AI’s Lasting Value: Beyond the Bubble

It’s important to recognize that the value of AI, much like the value of people in an organization, is not always captured on the balance sheet. Traditional accounting fails to recognize the knowledge, creativity, and experience that drive real value, just as it struggles to measure the true impact of AI.

When the bubble bursts, it will be a financial reckoning, not a technological one. The survivors will be those who move past the hype and focus on delivering real, measurable value. For individuals and organizations alike, the challenge is to look beyond the noise and invest in what truly works.

Practical Implications and Takeaways

So where does this leave us? The lesson is not to dismiss AI as mere hype, nor to blindly accept every claim of disruption. Instead, we should approach AI with a critical eye—recognizing both its limitations and its transformative potential.

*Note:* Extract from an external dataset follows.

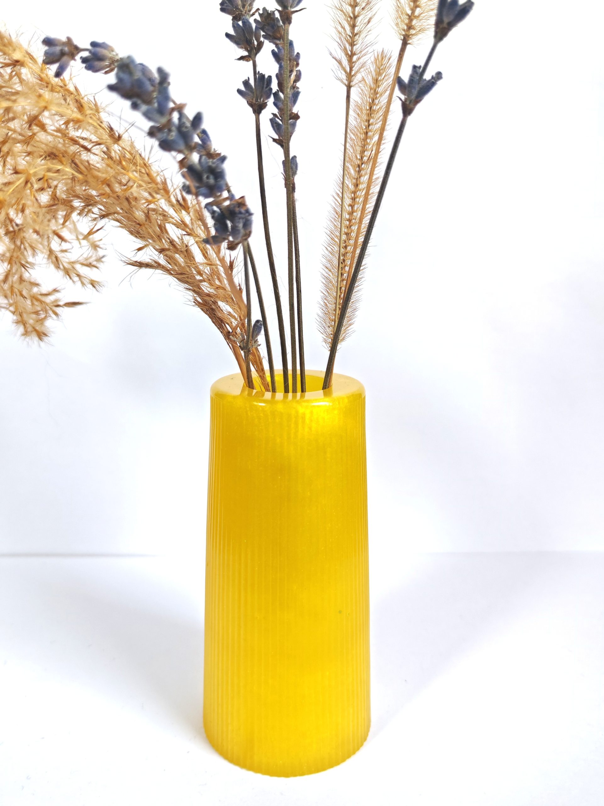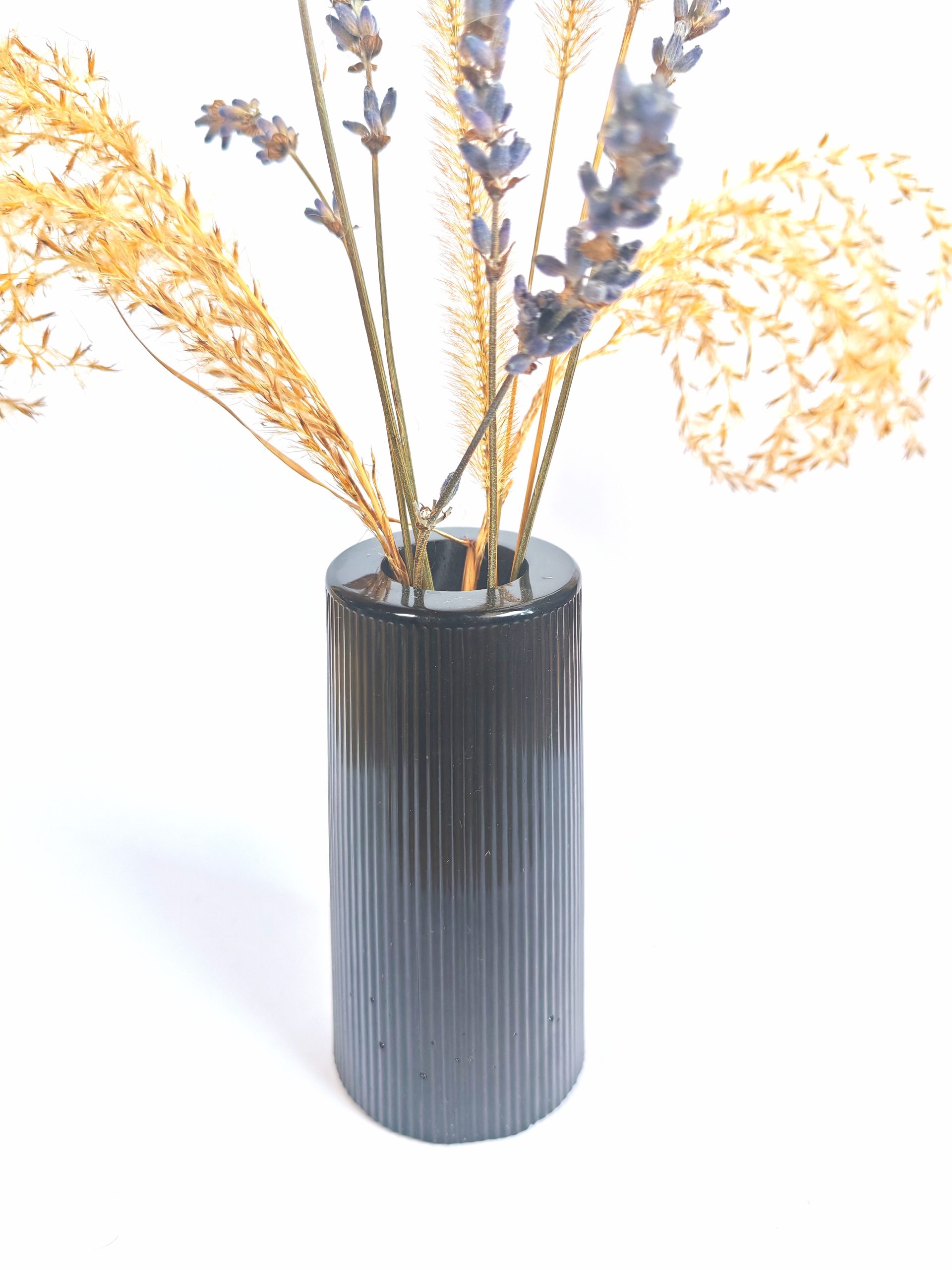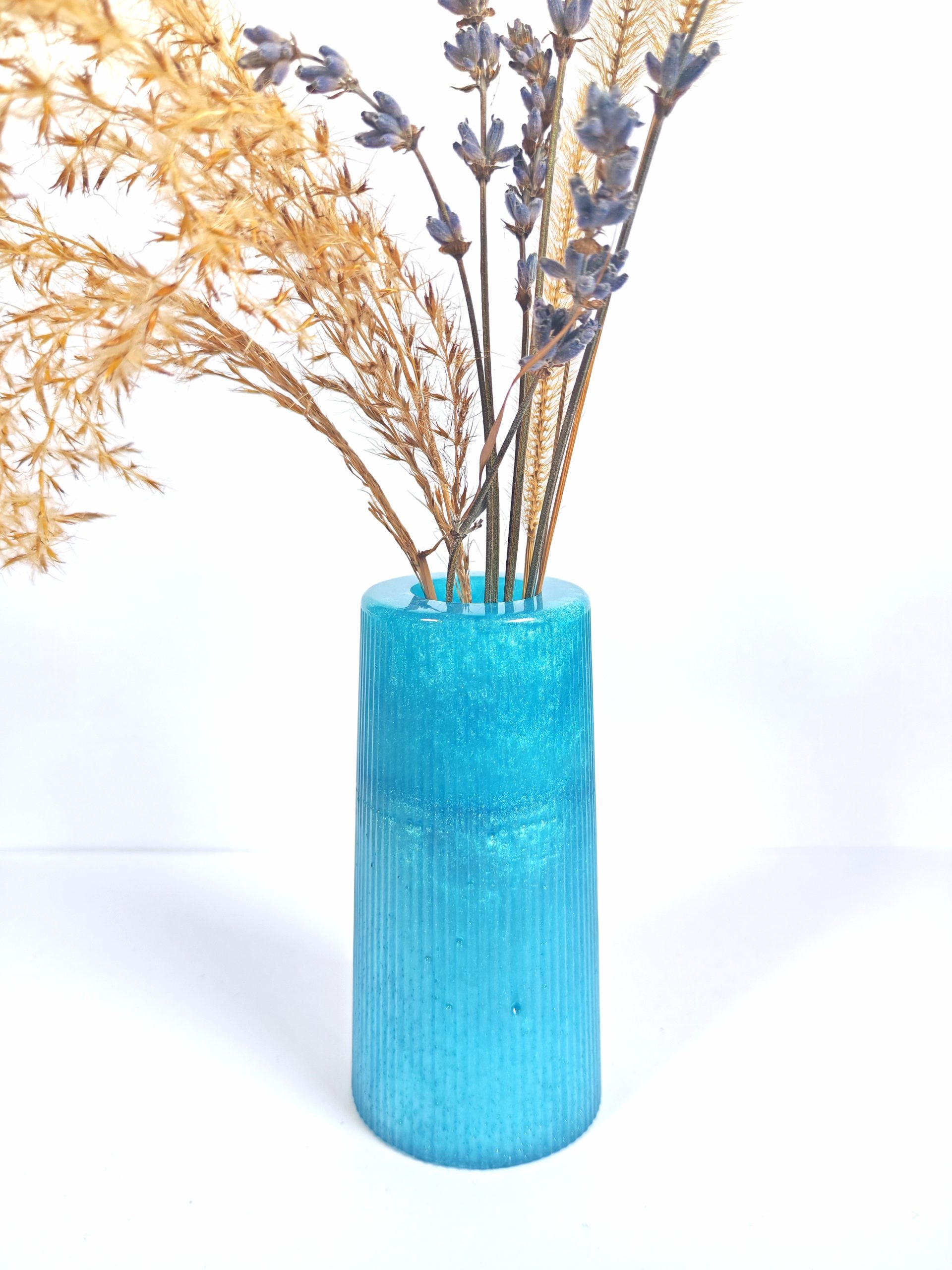 Ta majhna vaza, ročno izdelana iz visokokakovostne epoksidne smole, je trpežna, lahka in popolna za dodajanje veselega barvnega pridiha vaši mizi, polici ali okenski polici. Njena minimalistična valjasta oblika se čudovito poda v moderno, boemsko ali barvito notranjost.
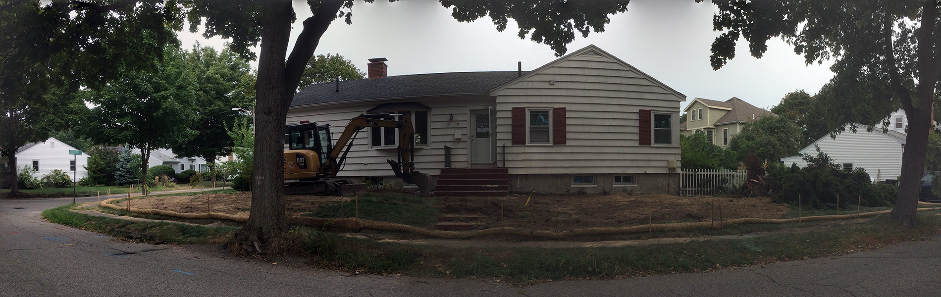 my father told me yesterday that their opposite door neighbors have already started demolition on their house. i saw it for myself for the very first time. there was a small excavator parked on the lawn, now mostly stripped of grass and just dirt. the house still stands, but all the shrubbery around the structure have been chopped down and left in a nearby pile. around the whole perimeter of the property they also put down a rolled up fabric barrier to prevent any leaking construction contaminants from getting onto the sidewalk. i also saw some rat poison traps, which i guess is a requirement for any kind of serious digging project. so far it seems like they're doing it by the book, unlike the grove street chinese garbage mansion.

For my part, AI has become an indispensable tool. It has changed how I conduct research, manage my health, and plan my financial future. But I remain cautious. I verify sources, treat AI-generated insights as starting points, and remember that technology is only as valuable as the problems it helps solve.

The AI bubble will burst, just as others have before it. But the technology itself is here to stay. The real opportunity lies in separating substance from speculation, and in focusing on the practical, everyday applications that deliver genuine value.